Tout cela n'est que mensonges.

Effectivement, à l'apparition du décret, on nous avait fait croire que la mesure ne

visait qu'un simple déplacement de la population arménienne lequel n'aurait eu

qu'un caractère provisoire. Or, l'événement n'a que trop prouvé que ,ce n'était là qu'une tactique pour nous endormir.


Page 150 :

Un Turc, témoin oculaire du drame, a raconté que le personnage qui avait été

chargé de porter de Constantinople à Deïr-Ul-Zor le message de mort, au moment où il donnait ses instructions, voit un petit enfant arménien devant lui.

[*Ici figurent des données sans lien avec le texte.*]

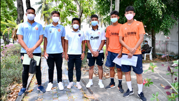นักฟุตบอลชายทีมชาติไทย รุ่นอายุไม่เกิน 17 ปี พร้อมทีมงานสตาฟฟ์โค้ช เดินทางรายงานตัวที่ กรมวิทยาศาสตร์การแพทย์ เพื่อตรวจหาเชื้อโควิด-19 ก่อนที่จะเข้าแคมป์เก็บตัวที่ พัฒนา กอล์ฟ คลับ แอนด์ รีสอร์ท จังหวัดชลบุรี ระหว่างวันที่ 7 ถึง 13 มีนาคม 2565

Il le prend, le montre à l'auditoire et dit : « Vous voyez cette chose : ce n'est rien, n'est-ce pas? Vous le considérez comme rien, et pourtant c'est un fils de reptile. Un

pareil germe doit être détruit. » Et prêchant l'exemple, il tue l'enfant de ses propres

mains.


Page 151 :

Il n'y avait pas longtemps que je me trouvais à Alep quand on fit le procès d'une Arménienne inculpée d'avoir jeté son enfant dans le fleuve. Elle allait s'y jeter

elle-même lorsqu'elle en fut empêchée par un gendarme.

Elle fut condamnée à quinze ans de détention pour crime d'infanticide.

J'ai tenu à rapporter ce fait comme l'un des plus curieux exemples d'hypocrisie judiciaire.

Mais si la vie des petits Arméniens est jugée si précieuse par leurs tribunaux, que

les Turcs nous rendent compte des milliers d'innocentes victimes qu'ils ont assassinées et dont les ossements jonchent les ravins et les plateaux

de l'Anatolie.


Page 152 :

On les achemina par les routes qui mènent à Firendjiler, mais aucun d'eux n'atteignit

le lieu indiqué comme devant être le terme du voyage. C'est aux environs de Malatia

qu'ils furent dépouillés d'abord, puis exterminés. On raconte que les Turcs formèrent un monceau d'or avec les richesses qu'ils trouvèrent sur eux. Puis on les lia par groupes de dix et on les abattit à coups de hache. Ils n'épargnèrent qu'une trentaine d'adolescents qui furent distribués entre familles musulmanes.

Quelques enfants, dont on ne voulut point, furent seulement rendus à leurs mères.